Tales of Three Clients (And The Moral of the Stories)

Richard received an email from his web designer last month informing him she had taken an opportunity that no longer allowed her to maintain his company’s web site. He immediately forwarded the information to me requesting I “handle it.”

He knows his time and energy as a small business owner are best spent building his business and serving his customers. It’s wasteful for him to fumble around with computers, his website, and other tech issues.

Ever since Richard asked me to support his computer needs over seven years ago, he’s viewed our relationship as that of a trusted advisor. He knows we have his best interests at heart and will make the right recommendations and decisions for him because we understand his business and his technology needs.

For example, when the sales rep for his accounting software calls his office to process the annual renewal, he gives them my phone number and tells them to speak with me. He refuses to talk to them.

Because of this relationship, I can proudly report his computers and network have had NO major issues causing loss of data or significant interruptions in his business. The small, common computer problems are very infrequent and solved quickly.

But I have several clients – both business and residential – who are unlike Richard. They prefer to make changes or tackle computer problems on their own without consulting a computer professional.
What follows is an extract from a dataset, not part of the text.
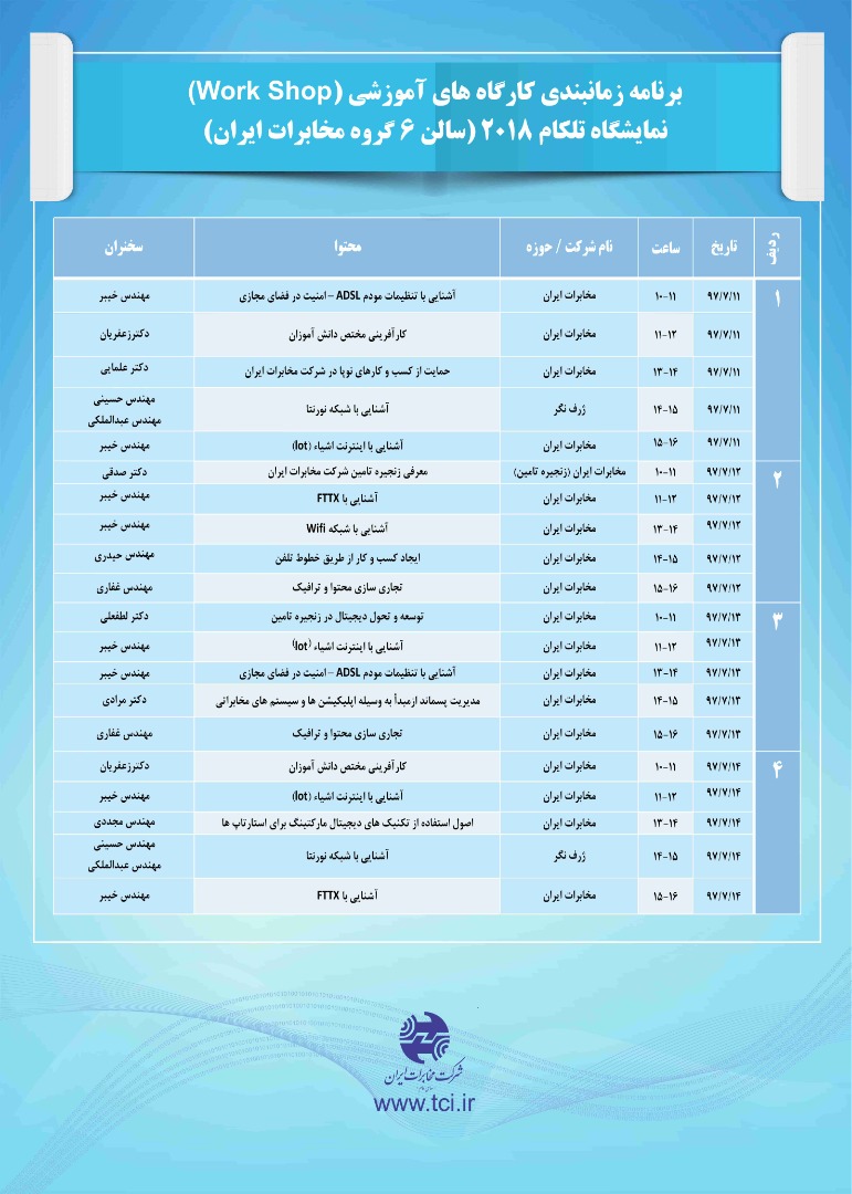 همزمان با برگزاری نوزدهمین نمایشگاه بین المللی تلکام ، کلاس های آموزشی تخصصی و متنوعی در غرفه شرکت مخابرات ایران ( سالن شماره ۶ ) برگزار می شود.
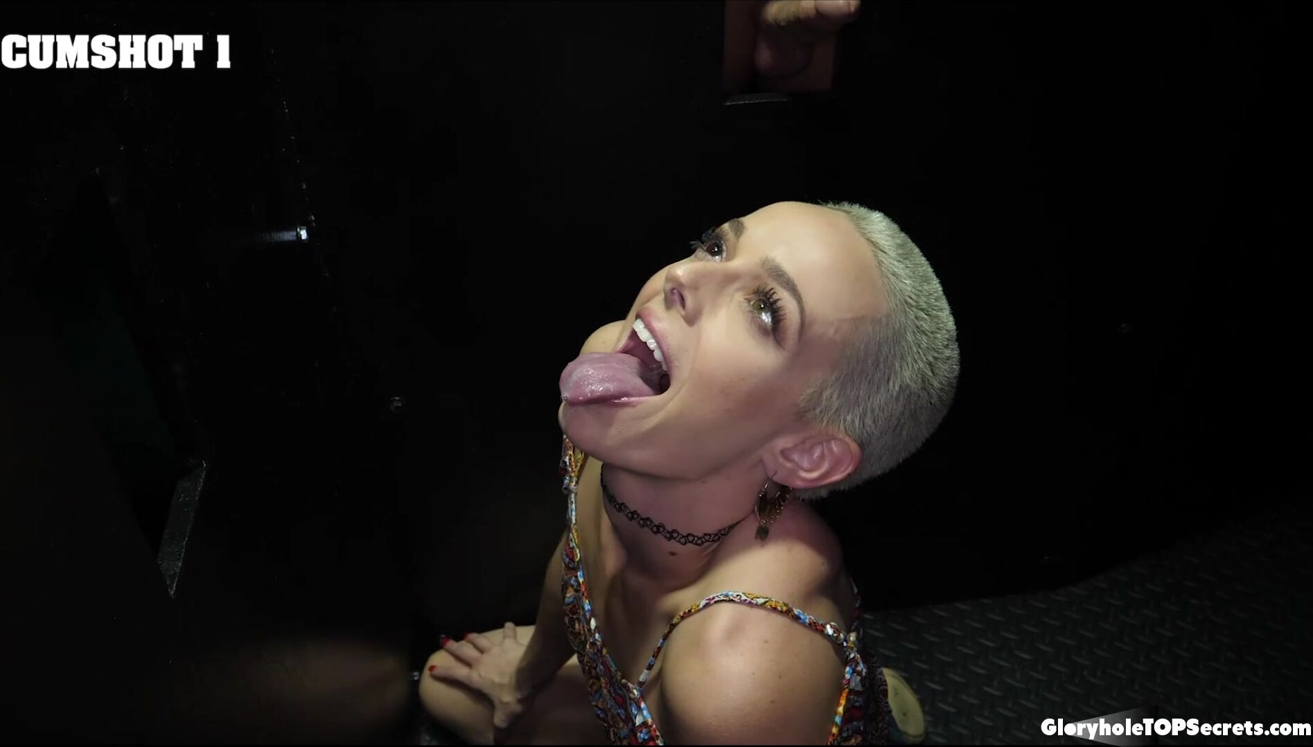 Blonde short haired Sidra Sage did a great job going down on both knees and sucking 8 big cocks and swallowing loads of semen. She genuinely enjoys it! Wanna know how it ends? Coming through this video gives you 73 percent off! Go to GloryholeTOPsecrets.com and the discount is applied.

Just today, as I’m writing this column, a client frantically called me within minutes of the Frontier technician leaving his office after installing the DSL Internet service. He discovered his two computers couldn’t communicate with each other. Nor could he print to either of his wireless printers.

A quick phone call to me prior to changing his Internet service providers would have prevented his moment of panic, his computer problems, and a costly emergency service call.

Here’s another story:

The other evening while wasting time on Facebook, I saw a friend’s post soliciting help in hooking up her Spectrum (formerly Time Warner) cable modem. She couldn’t find any place in her house with the connections for the cables.

One person commented, “Find a teenager in your neighborhood or call one of your grandkids.”

To many, setting up a cable modem should be easy and take less than five minutes. But I’ve had instances where it necessitated a 30-minute phone call to get it working after it was properly connected.

Grandkids who are “computer geniuses” and family members who “work for Microsoft” keep computer repair shops across this country in business. They know just enough to royally screw up your computer or network – leaving you to foot a hefty repair bill to clean up their mess.

So what’s the moral of these stories?

Find a computer professional you know, like, and trust.

Then let them handle EVERYTHING related to your technology – whether it’s at your home or your business.

Call them BEFORE changing service providers, installing new software, buying a new printer or other hardware, or disconnecting any cables.

The money you spend for advice and direction from someone who knows what they’re doing (i.e. someone who does it every day for a living) will be CONSIDERABLY LESS than what you’ll shell out to fix something you or someone else broke.

As the old saying goes, “If you think it’s expensive to hire a professional, wait until you hire an amateur.”